Unconfigured Ad

Collapse
X
 
  • Filter
  • Time
  • Show
Clear All
new posts
  • vschulz
    Junior Member
    • Apr 2009
    • 8

    samtools mpileup

    Hi,

    When I use samtools mpileup, I get bases with base qualities lower than the -Q cutoff. For example my command

    $samtoolsdir/samtools mpileup -f $resdir/human_g1k_v37.fasta my_reads.recal.bam > junk.pileup

    should have the default cutoff of 13, but I see bases with quality 2=# like
    1 10257 A 1 . #

    Setting -Q to something stupid like 200 seems to have no effect. I am using samtools-0.1.12a . Is there a way to filter output using quality in mpileup?

    Thanks,

    Vince
  • peromhc
    Senior Member
    • Sep 2009
    • 108

    #2
    any reason not to update to the latest version of samtools.. you're using a pretty old version. That alone may solve your problem

    Also, you can use awk/sed/grep to filter results based on quality..

    for instance:
    Code:
    awk '$6<200{next}1' snp.hits > snp.filtered.hits

    Comment

    • vschulz
      Junior Member
      • Apr 2009
      • 8

      #3
      samtools mpileup

      The latest samtools-0.1.18 also does the same thing. I also used different flags

      -B -Q 43

      to disable base recalibration, and -Q43 which should be a more sensible cutoff--the default is maybe phred not sanger based:
      -Q INT Minimum base quality for a base to be considered [13]

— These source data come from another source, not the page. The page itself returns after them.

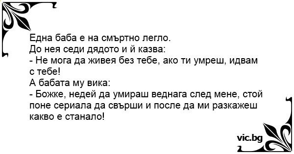 - Божке, недей да умираш веднага след мене, стой поне сериала да свърши и после да ми разкажеш какво е станало!
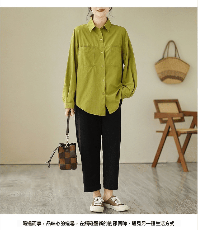 1分鐘前【強烈推薦!超級顯白!】韓版寬鬆休閒百搭翻領襯衫 果綠色
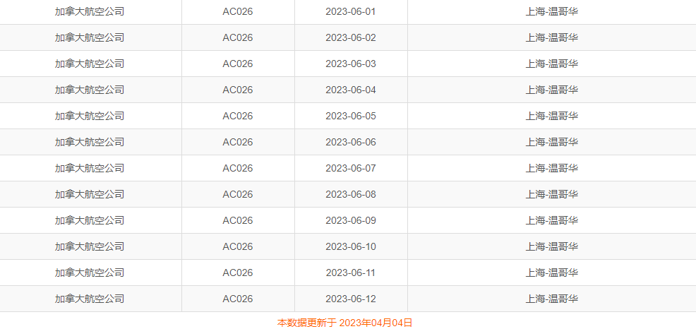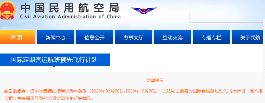 随着赴华签证的恢复和入境要求的放宽,不少华人都在关注前往中国的航班数量是否将恢复到疫情前水平。据中国民航局网站可查询到的计划内容显示,已经批复允许加航在6月至10月份期间,每天都有航班往返中国。值得一提的是,民航局在该查询页面指出,“这次的查询结果是本航季(2023年3月26日至2023年10月28日)民航局已批复的国际客运航班预先飞行计划,但不排除因疫情防控、航空公司经营等原因导致的航班实际未执行等情形。”
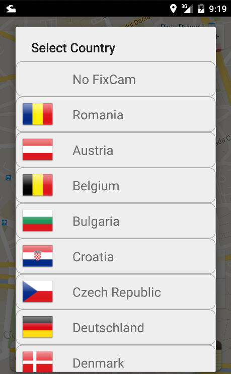 Настройка #FixCam - база данных, содержащей скорость фикса камера большинство европейских, Северная Америка и Австралия стран доступна. Пользователь выбирает страну из его местоположения и скоростей затруднительных камер вокруг его позиций отображается и обновляется во время движения.
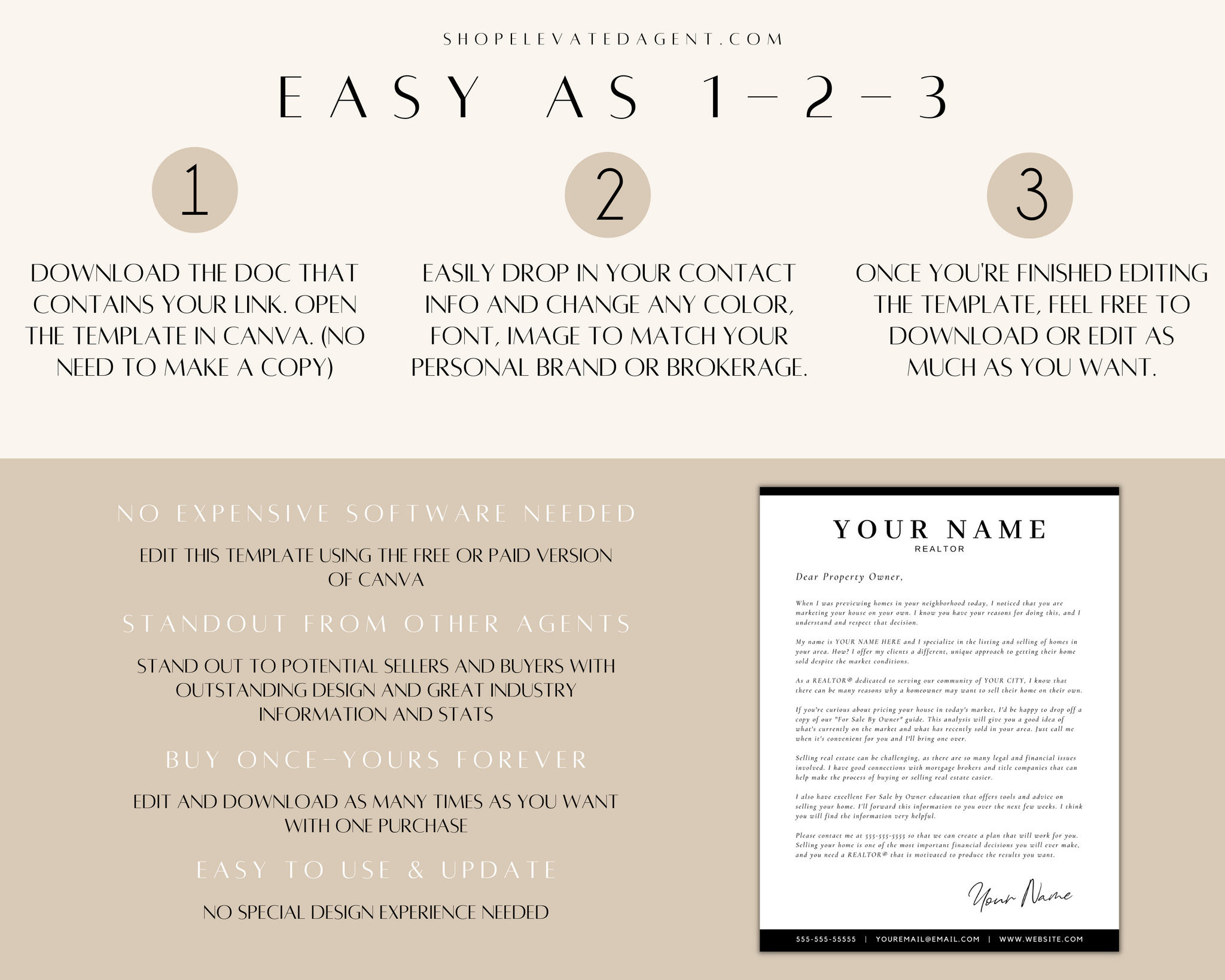Attention Real Estate Agents! Keep your real estate marketing fresh and updated with this easy-to-use Realtor Canva Template designed by Elevated Agent. We stay on top of real estate marketing trends and produce new content daily.
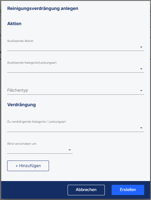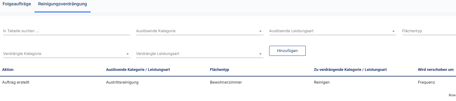 Für die Spezifikation muss angegeben werden, welche Reinigungskategorie oder Leistungsart in der Verdrängungsregel enthalten sein muss, dass die Verdrängung ausgelöst wird. Zusätzlich kann angegeben werden, auf welchen Flächentypen die Verdrängung greifen darf.

      None of these changes fixed the problem. I still wind up with lines like

      1 610235 G 10 ,$......... ?HHHHHI#JK

      and it will not be so easy to fix this using awk/sed/grep to something like

      1 610235 G 9 ,$......... ?HHHHHIJK

      Thanks,

      Vince

      Comment

      • vschulz
        Junior Member
        • Apr 2009
        • 8

        #4
        samtools mpileup

        For the record, problem solved by using latest git version of samtools, see


        Vince

        Comment

        • vyellapa
          Member
          • Oct 2011
          • 59

          #5
          I was running into the same problem and was trying to download the git version. However I do not see a repository.



          The source forge page shows a last modified date of 2011-09-02 for 1.18 version.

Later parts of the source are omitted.